## WORK INSTRUCTIONS
Take the material below and extract the lines from the one with "Com o aplicativo" through the one with "کپسول ایمیون ساپورت", word for word, without pictures.

## RAW DATA
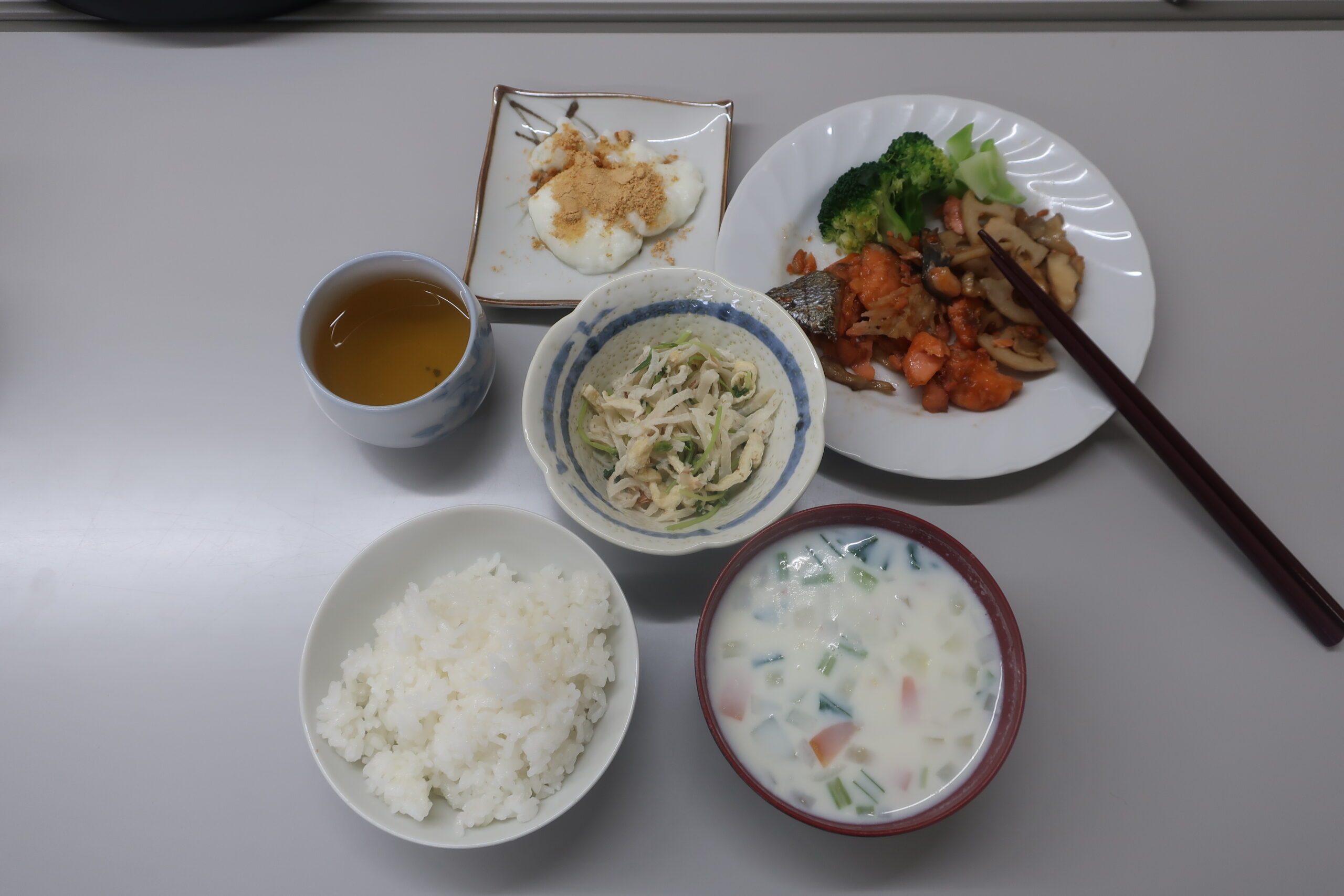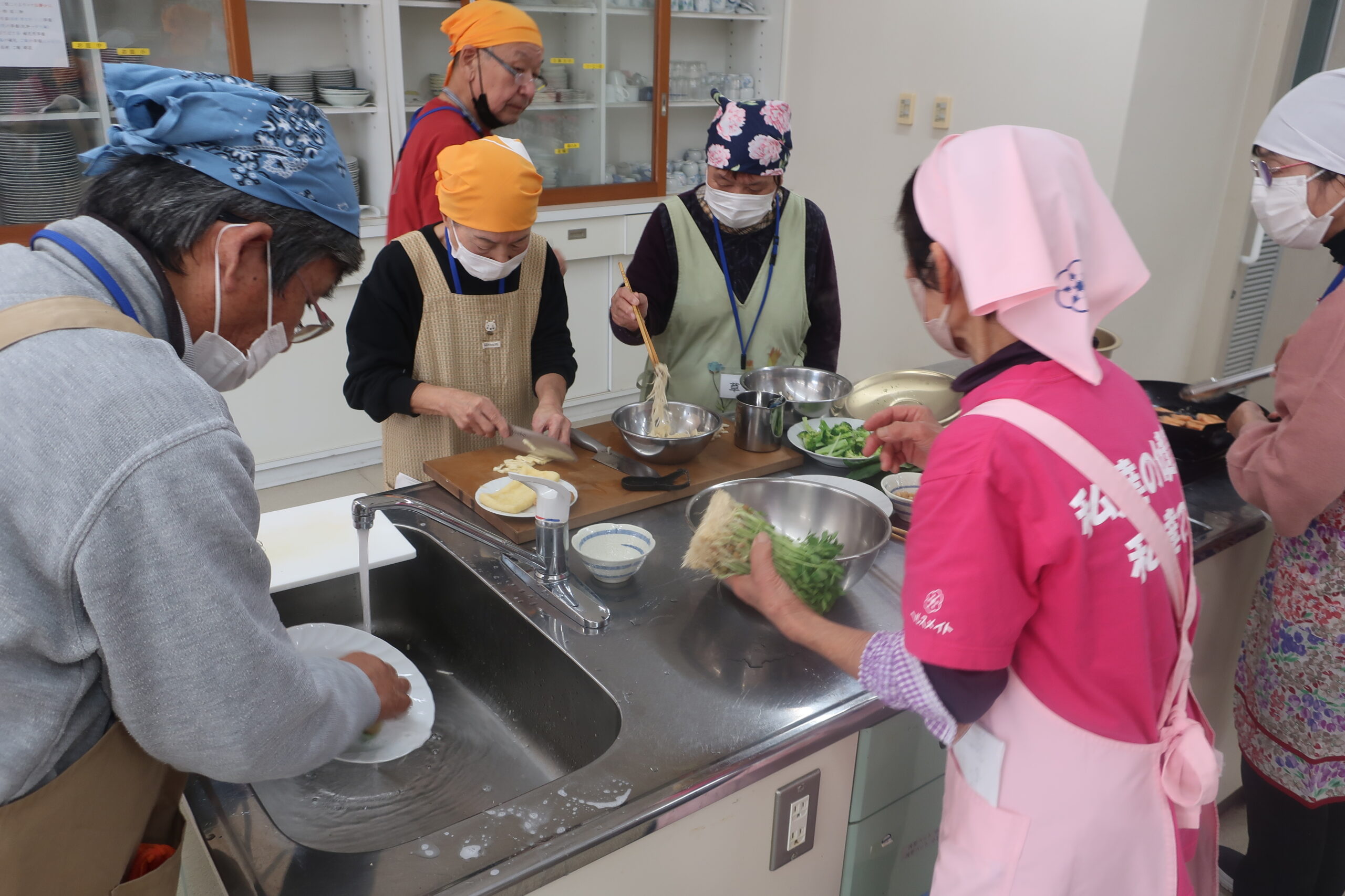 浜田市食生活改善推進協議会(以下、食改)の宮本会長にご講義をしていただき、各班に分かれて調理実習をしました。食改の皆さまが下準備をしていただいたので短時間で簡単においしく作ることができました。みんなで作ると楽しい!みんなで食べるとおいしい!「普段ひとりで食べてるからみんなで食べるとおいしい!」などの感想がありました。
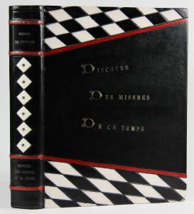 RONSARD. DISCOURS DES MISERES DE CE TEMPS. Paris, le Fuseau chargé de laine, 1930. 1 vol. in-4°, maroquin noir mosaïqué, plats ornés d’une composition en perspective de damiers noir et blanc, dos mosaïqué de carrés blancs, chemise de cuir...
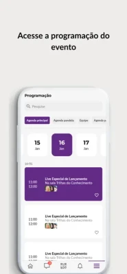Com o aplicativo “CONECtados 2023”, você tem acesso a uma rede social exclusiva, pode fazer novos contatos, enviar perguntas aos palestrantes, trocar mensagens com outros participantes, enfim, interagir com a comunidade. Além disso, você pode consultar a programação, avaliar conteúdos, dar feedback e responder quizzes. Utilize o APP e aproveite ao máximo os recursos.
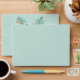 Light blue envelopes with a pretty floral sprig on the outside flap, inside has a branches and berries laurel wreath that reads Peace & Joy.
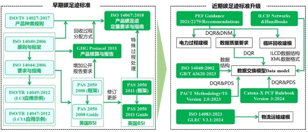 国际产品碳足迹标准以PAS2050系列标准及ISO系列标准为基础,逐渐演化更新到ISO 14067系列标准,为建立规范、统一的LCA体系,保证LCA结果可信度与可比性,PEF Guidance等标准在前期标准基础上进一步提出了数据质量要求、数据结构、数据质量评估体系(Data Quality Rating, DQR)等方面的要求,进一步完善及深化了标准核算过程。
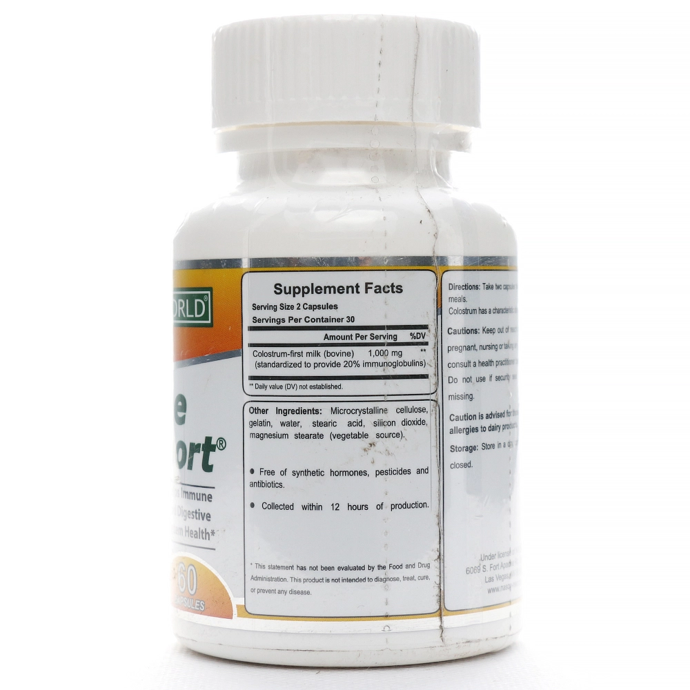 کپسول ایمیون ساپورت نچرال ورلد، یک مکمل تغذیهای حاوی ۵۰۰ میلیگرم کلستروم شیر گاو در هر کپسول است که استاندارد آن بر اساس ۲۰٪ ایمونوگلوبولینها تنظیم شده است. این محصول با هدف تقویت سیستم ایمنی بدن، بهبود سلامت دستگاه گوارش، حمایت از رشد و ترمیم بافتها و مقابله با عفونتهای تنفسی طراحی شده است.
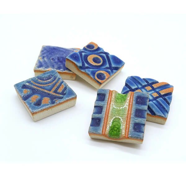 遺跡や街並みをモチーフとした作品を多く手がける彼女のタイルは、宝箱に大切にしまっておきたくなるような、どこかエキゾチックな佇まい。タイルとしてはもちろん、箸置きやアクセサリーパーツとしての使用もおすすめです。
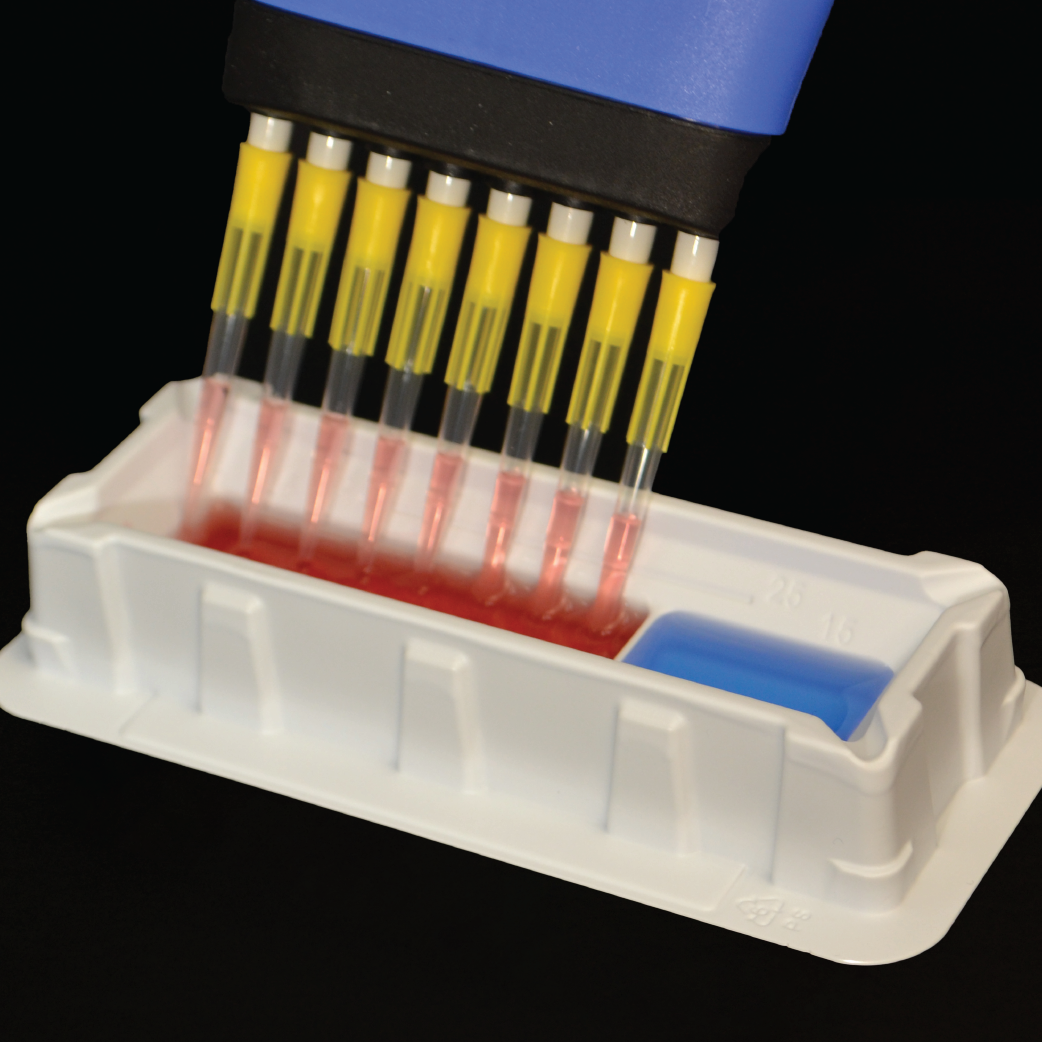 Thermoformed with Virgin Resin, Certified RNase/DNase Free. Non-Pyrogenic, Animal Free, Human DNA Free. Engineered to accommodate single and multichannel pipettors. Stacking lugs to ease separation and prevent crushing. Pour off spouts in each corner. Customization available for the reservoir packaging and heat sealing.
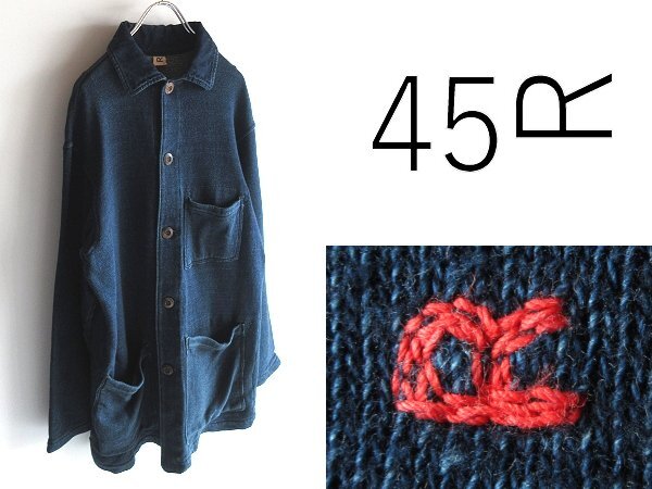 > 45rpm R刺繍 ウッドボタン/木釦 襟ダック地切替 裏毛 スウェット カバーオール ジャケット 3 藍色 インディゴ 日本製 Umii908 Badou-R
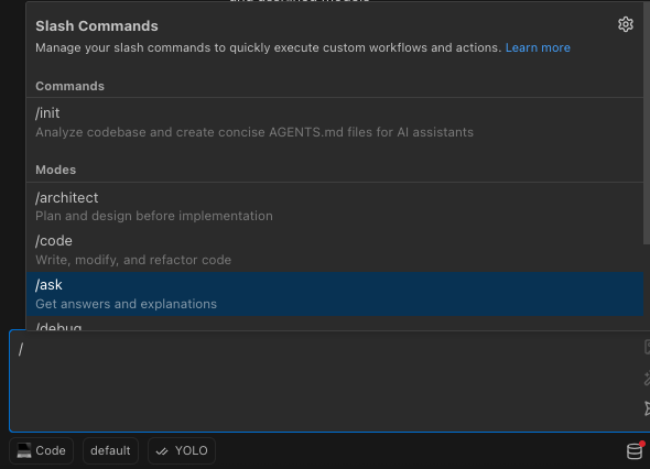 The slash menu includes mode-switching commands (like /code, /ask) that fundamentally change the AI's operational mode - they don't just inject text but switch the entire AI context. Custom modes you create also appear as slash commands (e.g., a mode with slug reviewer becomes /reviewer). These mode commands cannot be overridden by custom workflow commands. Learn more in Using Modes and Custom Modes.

## ANSWER TO THE PROBLEM
Com o aplicativo “CONECtados 2023”, você tem acesso a uma rede social exclusiva, pode fazer novos contatos, enviar perguntas aos palestrantes, trocar mensagens com outros participantes, enfim, interagir com a comunidade. Além disso, você pode consultar a programação, avaliar conteúdos, dar feedback e responder quizzes. Utilize o APP e aproveite ao máximo os recursos.
 Light blue envelopes with a pretty floral sprig on the outside flap, inside has a branches and berries laurel wreath that reads Peace & Joy.
 国际产品碳足迹标准以PAS2050系列标准及ISO系列标准为基础,逐渐演化更新到ISO 14067系列标准,为建立规范、统一的LCA体系,保证LCA结果可信度与可比性,PEF Guidance等标准在前期标准基础上进一步提出了数据质量要求、数据结构、数据质量评估体系(Data Quality Rating, DQR)等方面的要求,进一步完善及深化了标准核算过程。
 کپسول ایمیون ساپورت نچرال ورلد، یک مکمل تغذیهای حاوی ۵۰۰ میلیگرم کلستروم شیر گاو در هر کپسول است که استاندارد آن بر اساس ۲۰٪ ایمونوگلوبولینها تنظیم شده است. این محصول با هدف تقویت سیستم ایمنی بدن، بهبود سلامت دستگاه گوارش، حمایت از رشد و ترمیم بافتها و مقابله با عفونتهای تنفسی طراحی شده است.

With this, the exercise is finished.